Quand on observe les situations des pays européens qui acceptent les politiques d’austérité mises en place par la Troïka (FMI, BCE, Commission Européenne), on a peur. On croyait que ce trio infernal tentait d’aider les peuples. Mais non : il a pour mission de « sauver » le monde des banques !

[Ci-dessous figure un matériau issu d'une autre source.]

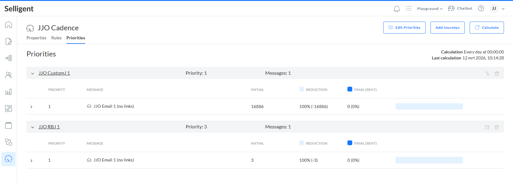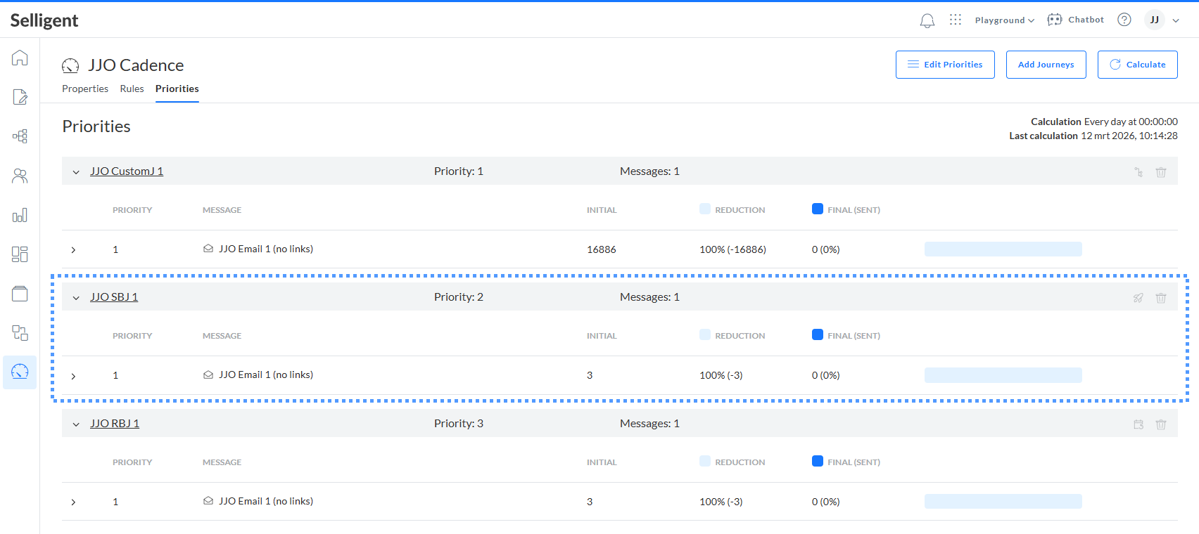 Journeys that ended and have become irrelevant for the Cadence plan—meaning defined rules in the Cadence plan would no longer take the journey into account—are now automatically removed from the Priorities screen. Only relevant journeys are displayed.
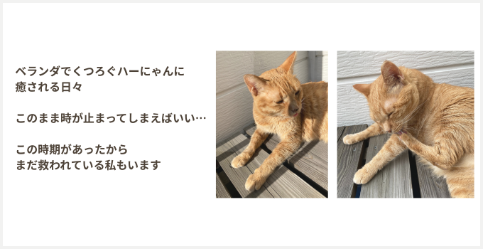 ハーにゃんと一緒!ベランダでの日向ぼっこの尊い時間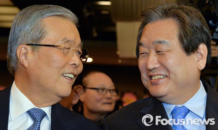 (서울=포커스뉴스) 김무성(오른쪽) 새누리당 대표와 김종인 더불어민주당 비대위 대표가 10일 오후 서울 종로구 세종문화회관 세종홀에서 열린 김종필 전 국무총리의 정치인생을 담은 '김종필 증언록' 출판기념회에 참석해 대화하고 있다.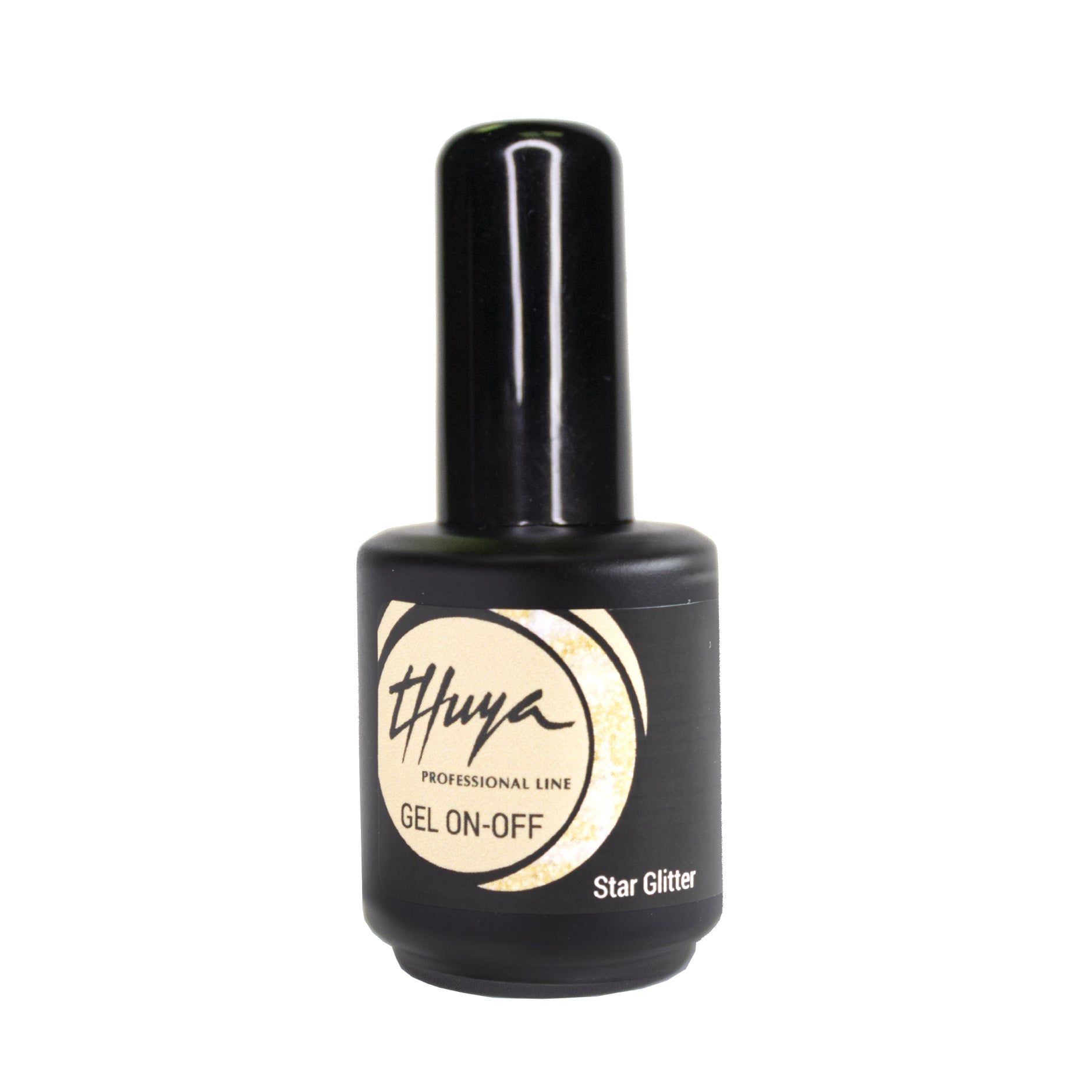 De Gel On-Off Star Glitter gellak van Thuya laat je schitteren als de sterren met een gouden kleur die je manicure spectaculair maakt.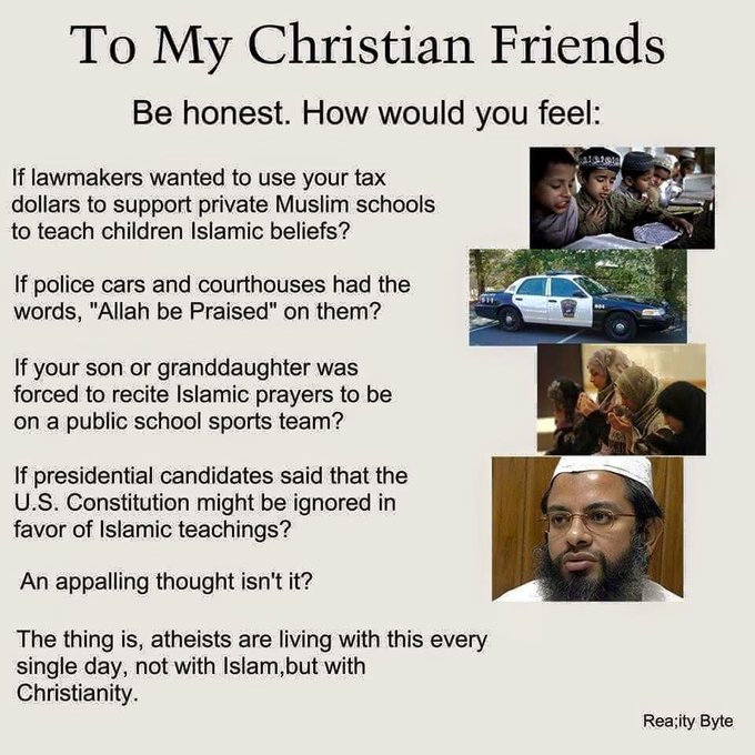 You’ll wear yourself out building so many straw men. Jesus doesn’t force anyone to follow Him. In a truly Christian nation, atheists have nothing to fear. That’s the difference between Christianity and Islam. In an Islamic state that adheres to the Koran and Hadiths, you would be in grave danger (as would I). In a Christian state that actually follows the Bible, you would be safe. Imagine a government that didn’t lie, or steal. That took care of the poor. That didn’t start wars. That didn’t allow banks to charge interest. That didn’t reward corruption. Isn’t that what we all want?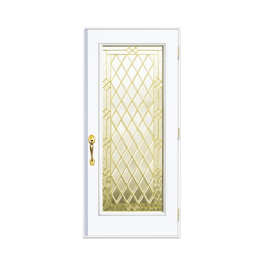 금장 격자를 넣은 불투명 장식유리는 현관의 채광을 넓히고,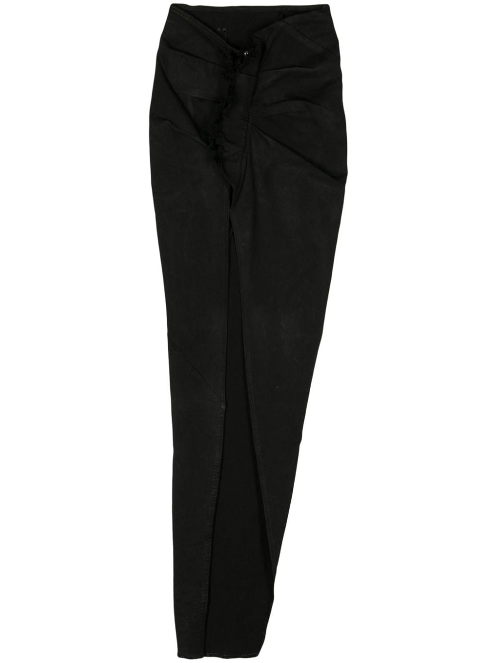EDFU asymmetric denim skirt Highlights - Black - Cotton blend - Denim - Coated finish - Asymmetric design - Pleat detailing - Ruffled detailing - Frayed edge - Low-rise - Concealed side zip fastening - Side slit - Asymmetric hem - Maxi Made in Italy Composition Cotton 91%, Elastomultiester 6%, Rubber 3%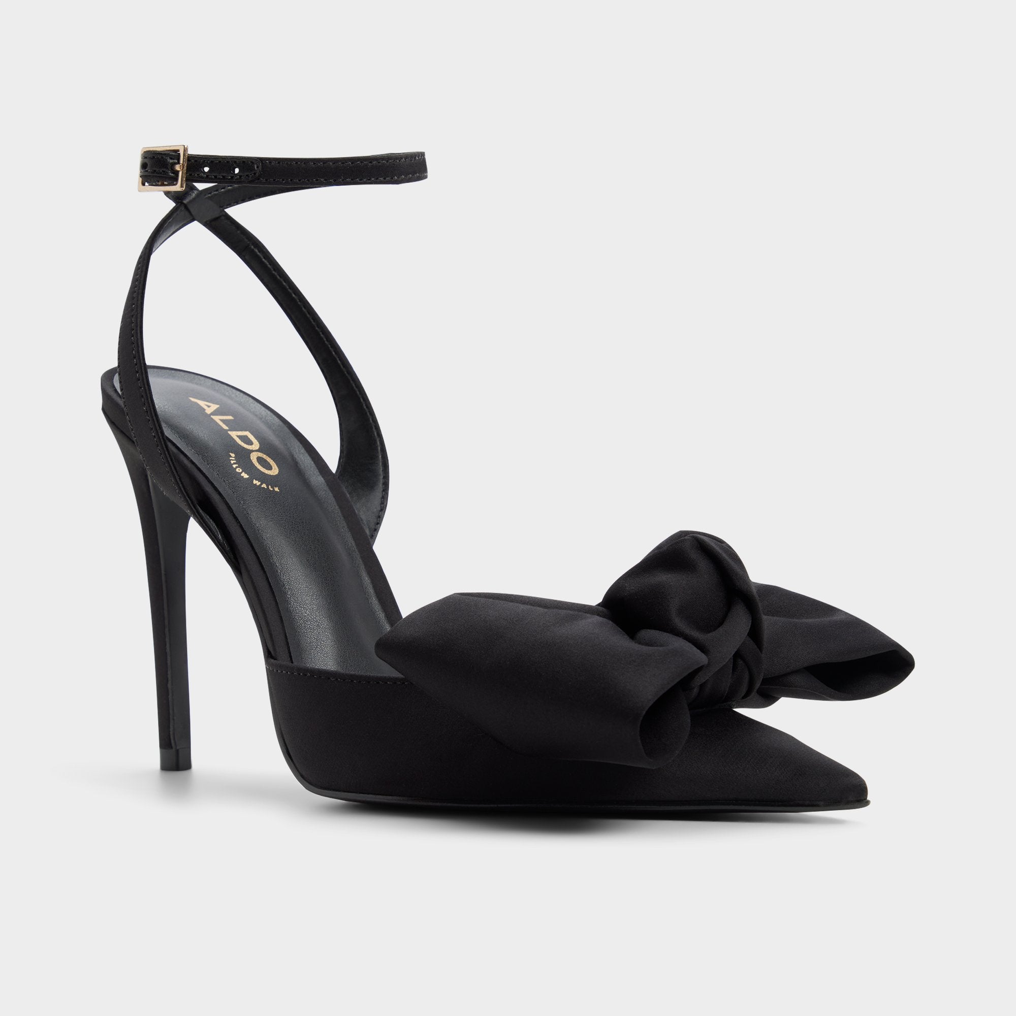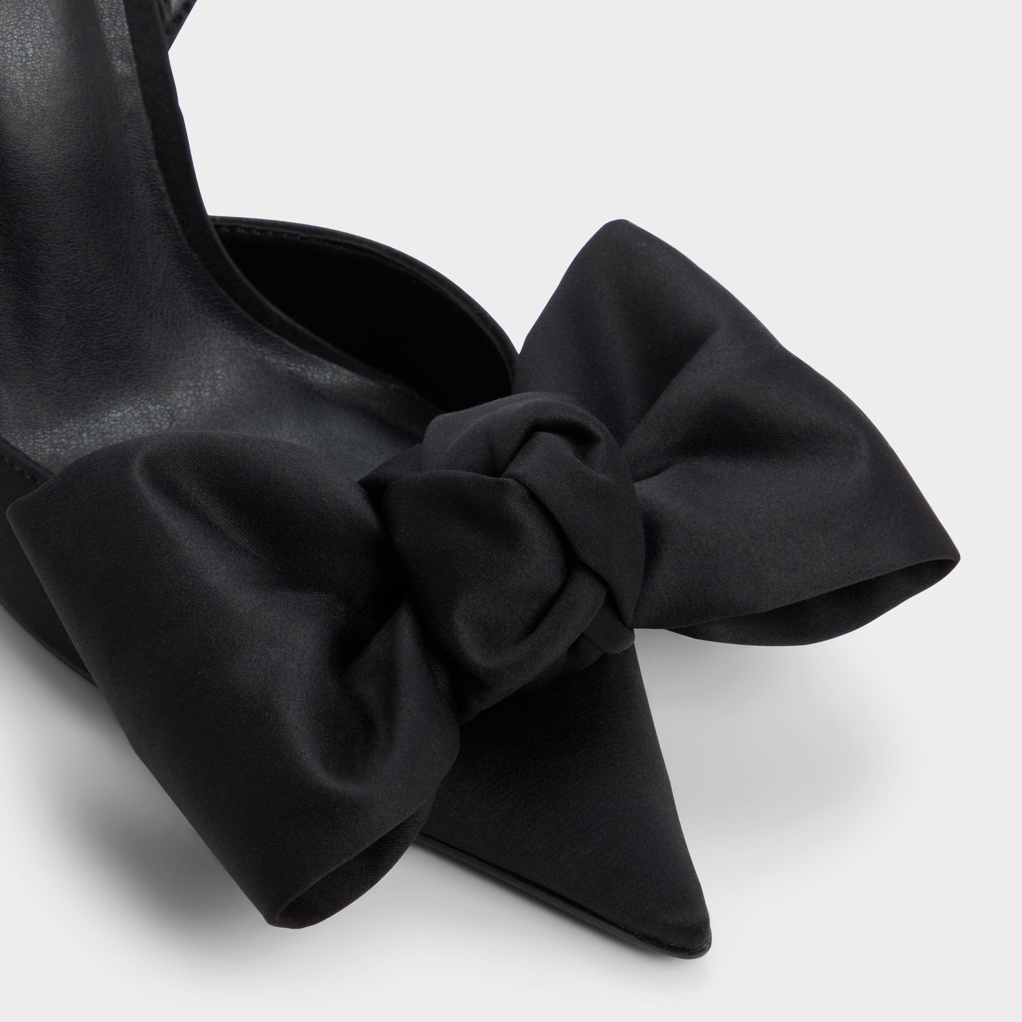 Fabric-bow drama sits above an open pointy toe, while a slender stiletto and barely-there slingback keep the silhouette light for an easy runway glide from foyer mirrors to candlelit arrivals. Pair with a sharp tux jumpsuit for gala invites, or swap into a satin slip when rooftop cocktails turn into all-night slow dances.
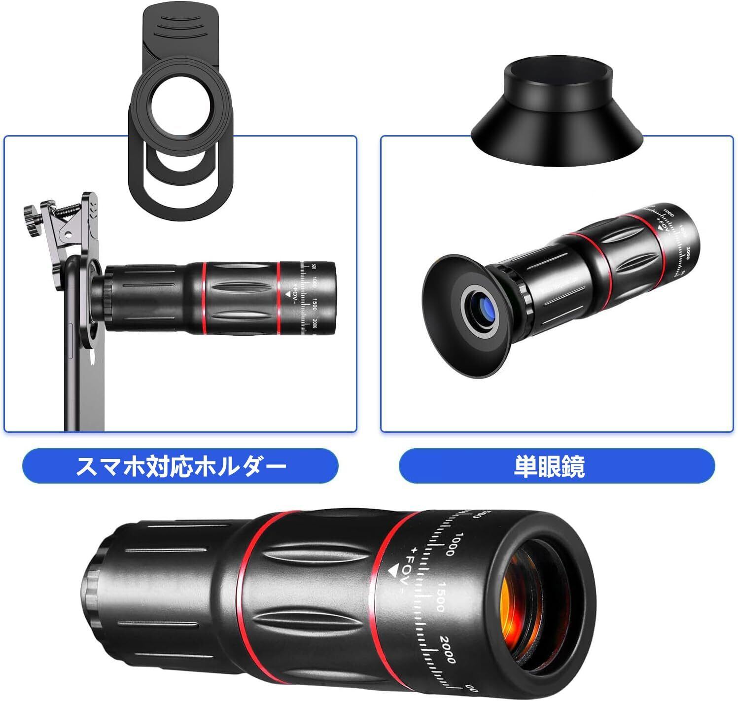単眼鏡 望遠鏡 スマホ望遠鏡 64x25 レンズ 望遠鏡 高倍率20倍 単眼望遠鏡 小型 スマホレンズ 片手操作 簡単装着 鮮明な写真撮る スタースコープ 単眼きょう 高級Bak4プリズム 高透過率 iPhone 広角レンズ バードウォッチング/野球観戦/花見/プレゼント
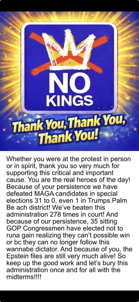 These protests went beyond mere opposition, acting as a bold defense of constitutional norms against perceived king-like overreach—echoing warnings from the Founders. In a polarized era, their widespread support across red and blue states showed that civic activism remains a unifying force for accountability, voter engagement, and policy change on issues like immigration and endless wars. No Kings 3 was not just a spectacle; it was a rallying cry to energize grassroots power.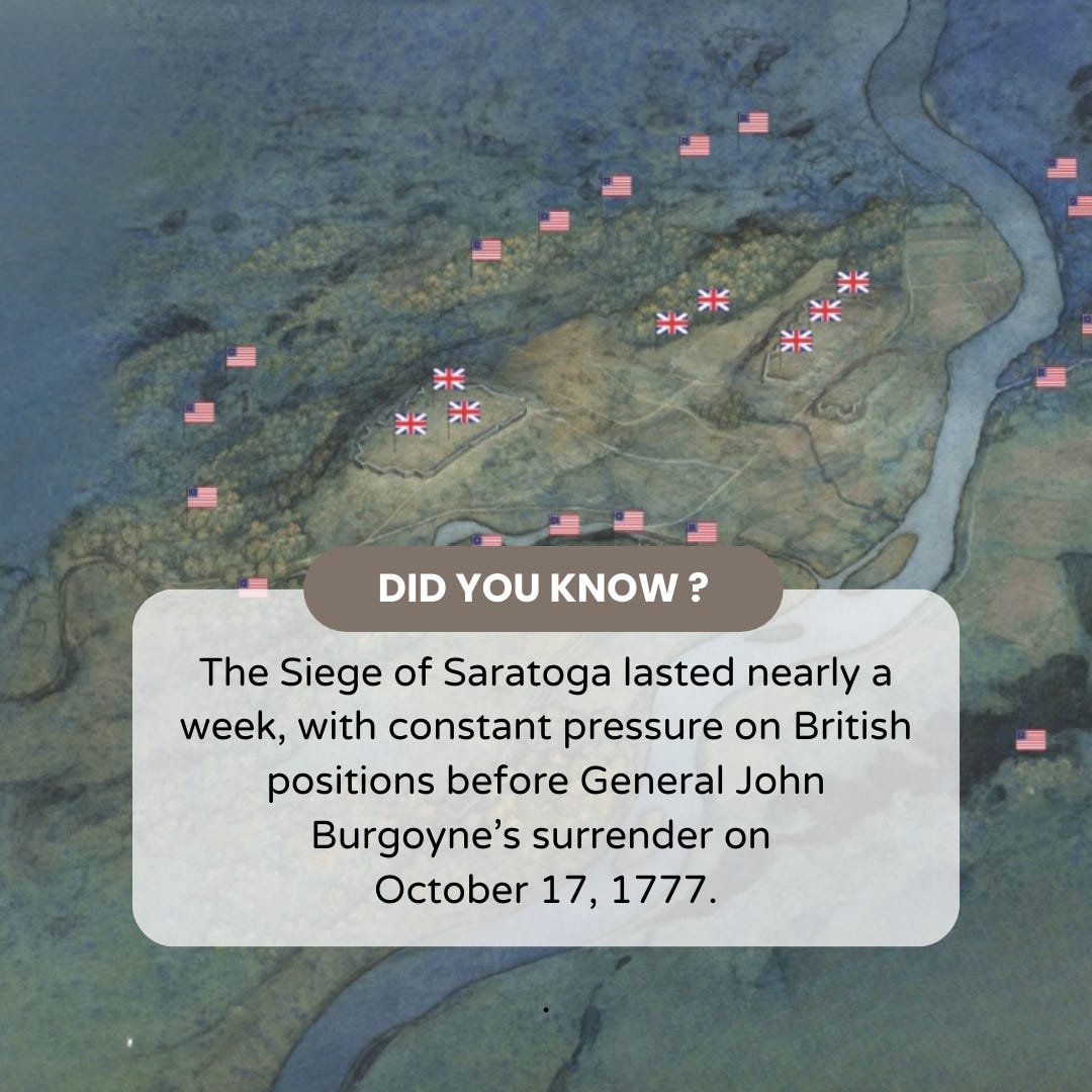 Henry Knox’s winter expedition of 1775–1776 required endurance without applause. At Bemus Heights in October 1777, Continental forces held their ground under sustained pressure. During the Siege of Saratoga (October 10–16, 1777), tightening American lines strained British supply and morale.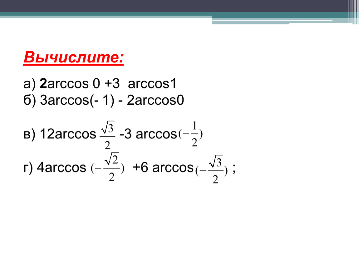 в) arcсоs1+ arcсоs (-1) – arcсоs (-0,5).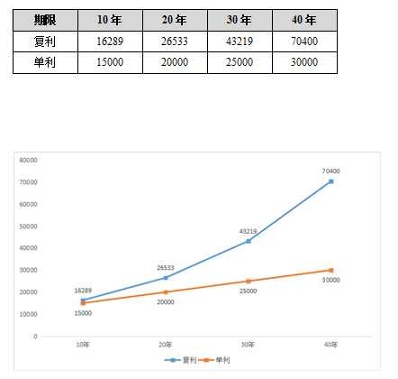 看到这一点,你可能还是觉得复利没那么厉害(本利和只多了1289元)。但请继续往下看:如果投资期限分别延长到20年、30年和40年,会发生什么?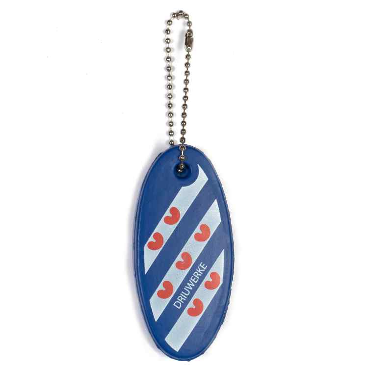 Dit “Driuwerke” is een zachte sleutelhanger met de opdruk van de Friese vlag met zijn herkenbare rode pompeblêden.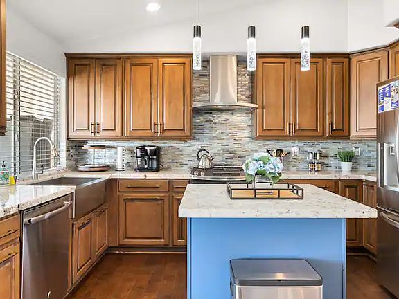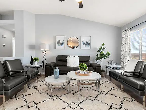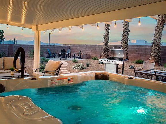 The home is within driving distance to restaurants, casinos, hospitals, and other stores. Close to walking trails. The home features a two-car garage, and contactless self-check-in. Fenced backyard with a private hot tub and mountain views. Living room has smart TV. Kitchen has stainless steel appliances. You can work from home with the spacious master bedroom. Backyard is great for resting after a long working day.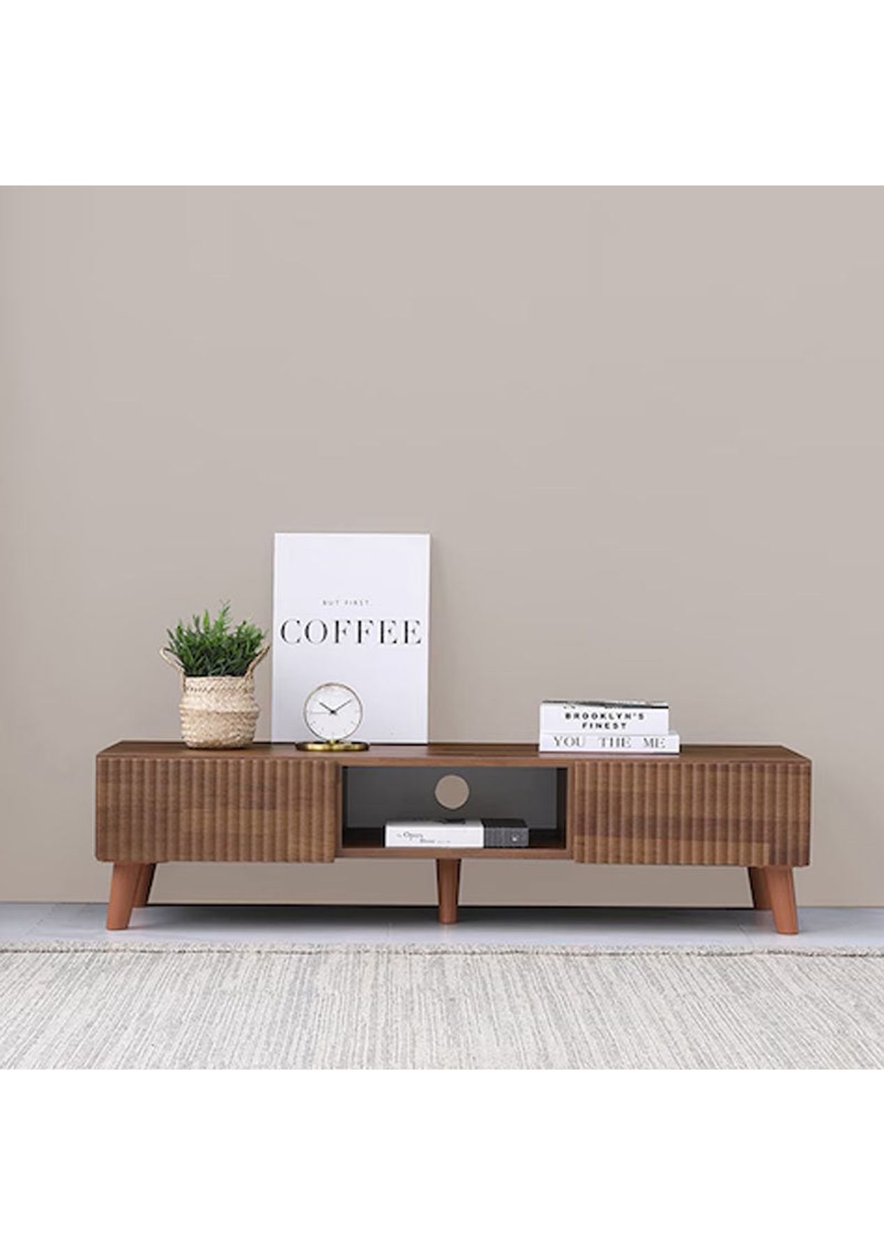 CLEARANCE (T&C) Features ‚ Stylish design & colour ‚ Tambour board design drawers ‚ Smooth & Safe Rails ‚ Neat Cable Management Product Details ‚ Dimension: W 1200 x D 413 x H 295 mm W 391 x D 385 X H 140mm (Inside of the middle shelf) ‚ Materials: MDF, PB ‚ Assembly Required: Yes(Simple legs assembly required) ‚ Colour: White * Please note that the colour can be different from your monitor * Package includes 1 x Entertainment Unit

Ces deux vaisseaux de l’ultra-libéralisme que sont la BCE et le FMI ont pour unique objectif l’optimisation des politiques de capitalisme agressif pour favoriser le mythe de la croissance, mais surtout pour qu’il n’y ait aucun retour en arrière possible. On se croirait dans La Stratégie du Choc, de Naomi Klein.

L’exemple grec

C’est aussi pour encourager une libéralisation à tout va que depuis plusieurs mois, on nous fait croire – que ne nous fait-on pas croire ? – que la Grèce de Syriza fait du chantage à l’Europe, et que NOUS, électeurs européens, allons devoir payer pour ces Grecs qui ont « vécu au dessus de leurs moyens » et qui sont sclérosés par une mafia des plus persistantes. Mais la réalité, c’est que le FMI refuse les mesures présentées par la Grèce car elles viendraient contrebalancer les politiques mises en place partout ailleurs en venant essayer de ponctionner les plus riches.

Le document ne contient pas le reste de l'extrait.